== Description of the task ==
Set down, exactly as written, the lines from the line holding "本計画の基準年は平成24年度" to the end of the data, inclusive, skipping any pictures.

Recorded data:
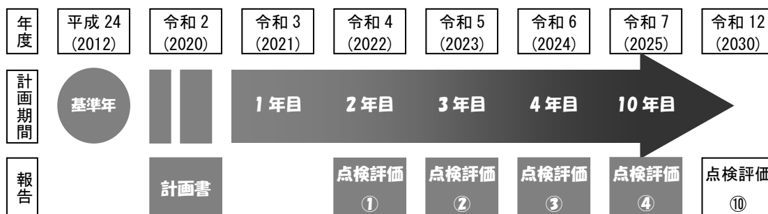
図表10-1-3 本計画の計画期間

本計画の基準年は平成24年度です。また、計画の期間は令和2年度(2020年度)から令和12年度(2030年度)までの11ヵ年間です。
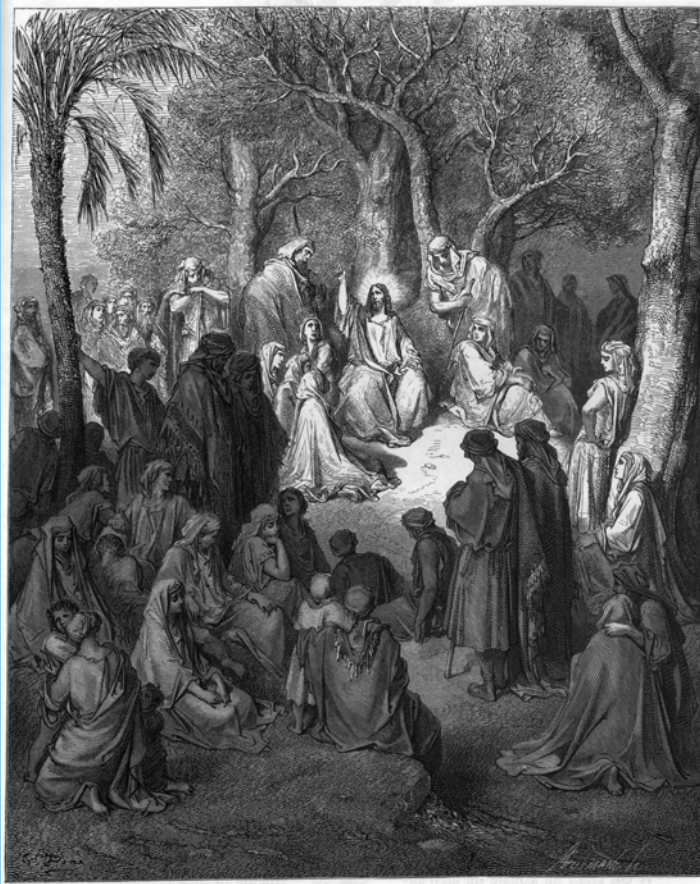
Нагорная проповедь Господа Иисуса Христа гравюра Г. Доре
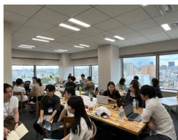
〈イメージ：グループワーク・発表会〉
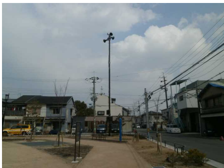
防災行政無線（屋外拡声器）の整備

== Response to this exercise ==
本計画の基準年は平成24年度です。また、計画の期間は令和2年度(2020年度)から令和12年度(2030年度)までの11ヵ年間です。
Нагорная проповедь Господа Иисуса Христа гравюра Г. Доре
〈イメージ：グループワーク・発表会〉
防災行政無線（屋外拡声器）の整備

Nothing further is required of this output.